一途な彼は真面目で純粋で歳下で。《完結》
そう言って握られていた指先に優しくキスを落とされ、そのまま指を甘噛みされた。
そんな事を男性にされた事は初めてで、つい変な声を上げてしまう。
「ひぁっ、、!?あああ暁人くんっ!?!?」
『これに懲りたら、、もう無闇に触らないで下さい。俺の鉄壁な理性に感謝して下さい。今回はこれで許しますが、次はありませんので覚悟しておいて下さい。いいですね?』
キャパオーバーで言葉が出せない代わりに必死に何度も頷くと、ふわりといつものように笑ってようやく解放された。

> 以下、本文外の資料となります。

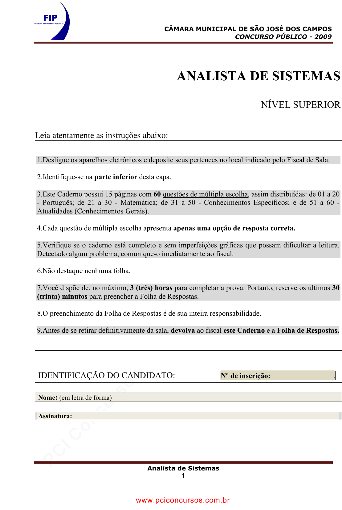 pcimarkpci MDAwMDowMDAwOjAwMDA6MDAwMDowMDAwOmZmZmY6MzZlOTpjMjU5:RnJpLCAxNyBTZXAgMjAyMSAxMjo0OToyNiAtMDMwMA== CÂMARA MUNICIPAL DE SÃO JOSÉ DOS CAMPOS CONCURSO PÚBLICO - 2009 Analista de Sistemas 1 ANALISTA DE SISTEMAS NÍVEL SUPERIOR Leia atentamente as instruções abaixo: 1.Desligue os aparelhos eletrônicos e deposite seus pertences no local indicado pelo Fiscal de Sala. 2.Identifique-se na parte inferior desta capa. 3.Este Caderno possui 15 páginas com 60 questões de múltipla escolha, assim distribuídas: de 01 a 20 - Português; de 21 a 30 - Matemática; de 31 a 50 - Conhecimentos Específicos; e de 51 a 60 - Atualidades (Conhecimentos Gerais). 4.Cada questão de múltipla escolha apresenta apenas uma opção de resposta correta. 5.Verifique se o caderno está completo e sem imperfeições gráficas que possam dificultar a leitura. Detectado algum problema, comunique-o imediatamente ao fiscal. 6.Não destaque nenhuma folha. 7.Você dispõe de, no máximo, 3 (três) horas para completar a prova. Portanto, reserve os últimos 30 (trinta) minutos para preencher a Folha de Respostas. 8.O preenchimento da Folha de Respostas é de sua inteira responsabilidade. 9.Antes de se retirar definitivamente da sala, devolva ao fiscal este Caderno e a Folha de Respostas. IDENTIFICAÇÃO DO CANDIDATO: Nº de inscrição: . Nome: (em letra de forma) Assinatura: www.pciconcursos.com.br pcimarkpci MDAwMDowMDAwOjAwMDA6MDAwMDowMDAwOmZmZmY6MzZlOTpjMjU5:RnJpLCAxNyBTZXAgMjAyMSAxMjo0OToyNiAtMDMwMA== CÂMARA MUNICIPAL DE SÃO JOSÉ DOS CAMPOS CONCURSO PÚBLICO - 2009 Analista de Sistemas 2 PORTUGUÊS Para responder às seis questões seguintes, leia o texto abaixo. LEITE DERRAMADO (Chico Buarque) Não sei por que você não me alivia a dor. Todo dia a senhora levanta a persiana com bruteza e joga sol no meu rosto. Não sei que graça pode achar nos meus esgares, é uma pontada cada vez que respiro. Às vezes aspiro fundo e encho os pulmões de um ar insuportável, para ter alguns segundos de conforto, expelindo a dor. Mas bem antes da doença e da velhice, talvez minha vida já fosse um pouco assim, uma dorzinha chata a me espetar o tempo todo e de repente uma lambada atroz. E qualquer coisa que eu recorde agora, vai doer, a memória é uma vasta ferida. [...] Eu próprio poderia arcar com viagem e tratamento no estrangeiro, se o seu marido não me tivesse arruinado. Poderia me estabelecer no estrangeiro, passar o resto dos meus dias em Paris. Se me desse na veneta, poderia morrer na mesma cama do Ritz onde dormi quando menino. Porque nas férias de verão o seu avô, meu pai, sempre me levava à Europa de vapor. Mais tarde, cada vez que eu via um deles ao largo, na rota da Argentina, chamava sua mãe e apontava: lá vai Arlanza!, o Cap Polonio!, o Lutétia!, enchia a boca para contar como era um transatlântico por dentro. Sua mãe nunca tinha visto um navio de perto, depois de casada ela mal saía de Copacabana. E quando lhe anunciei que iríamos em breve ao cais do porto, para receber o engenheiro francês, ela se fez de rogada. Porque você era recém-nascida, e ela não podia largar a criança e coisa e tal, mas logo tomou o bonde para cidade e cortou os cabelos à la garçonne. [...] E quando vi sua mãe naquele estado, falei, você não vai. Por quê, ela perguntou com voz fina, e não lhe dei satisfação, peguei meu chapéu e saí. Nem parei para pensar de onde vinha a minha raiva repentina, só senti que era alaranjada a raiva cega que tive da alegria dela. E vou deixar de falação porque a dor só faz piorar. (Fonte: BUARQUE, Chico. Leite derramado. São Paulo: Companhia das Letras, 2009. p. 10-12) 01. Assinale a única alternativa correta. Após a análise do contexto e das coesões textuais presentes no texto, pode-se afirmar que: a) a mulher que todo dia levanta a persiana é a esposa do narrador. b) quem levava o narrador à Europa era o avô de sua irmã. c) a mãe da recém-nascida nunca tinha visto um navio de perto. d) o narrador é neto do homem que o arruinou. e) o engenheiro recebido no cais do porto é avô da recém-nascida. 02. Assinale a única alternativa correta. Com relação ao narrador, pode-se afirmar que: a) ele é doente, e a enfermeira sempre o agride, ao invés de aliviar suas dores. b) ele quer ser levado por seu avô para morrer em um hotel em Paris. c) ele relembra o ciúmes que tinha de sua esposa, pois ela tivera uma filha com um engenheiro. d) ele é um homem velho e doente, que depende de outros e rememora tristezas de sua vida. e) ele é um engenheiro arruinado, e a história é centrada nas lembranças de sua vida com seu pai. 03. O texto apresenta características que possibilitariam sua classificação como: a) uma fábula. b) um romance. c) um poema. d) uma canção. e) uma anedota. www.pciconcursos.com.br pcimarkpci MDAwMDowMDAwOjAwMDA6MDAwMDowMDAwOmZmZmY6MzZlOTpjMjU5:RnJpLCAxNyBTZXAgMjAyMSAxMjo0OToyNiAtMDMwMA== CÂMARA MUNICIPAL DE SÃO JOSÉ DOS CAMPOS CONCURSO PÚBLICO - 2009 Analista de Sistemas 3 04. O texto apresenta premissas que possibilitam observarmos que ele está fundamentado no raciocínio lógico: a) hiperativo. b) indutivo. c) emotivo. d) dedutivo. e) permissivo. 05. Na frase: “[...] senti que era alaranjada a raiva cega que tive da alegria dela [...]”, encontra-se uma oposição de sentimentos que poderia ser fundamentada nos seguintes antônimos: a) alaranjado / amarelado. b) perturbação / tranquilidade. c) ódio / devoção. d) laranja / maçã. e) escuridão / ganância. 06. Observe a sequência de frases abaixo e responda a seguir. (1) Porque nas férias de verão o seu avô, meu pai, sempre me levava à Europa de vapor. (2) Porque você era recém-nascida [...]. (3) Por quê, ela perguntou com voz fina, e não lhe dei satisfação [...]. Comparando-as, percebe-se que: a) em (1) e (2), encontram-se afirmações; em (3), uma interrogação narrada de modo indireto. b) em (1), (2) e (3), encontram-se interrogações narradas de mod

『じゃあ帰りましょうか。シートベルトはされましたか?発進しますよ。』
そう声を掛けてから会社の駐車場を出た。
『ちなみにお住まいのアパートはどの辺ですか?』
「隣町のみどり公園の道向かい、、です。」
『分かりました。では安全運転で向かいます。』
「お、お願いします。」
あんな事があった後だから、どうしても会話が固くなってしまっていつものようには接する事が出来ない。
彼を〝男性〟だと意識せずにはいられない。
けして強く噛まれた訳じゃないのに甘噛みされた指がジンジンと痺れて、少し赤くなっている。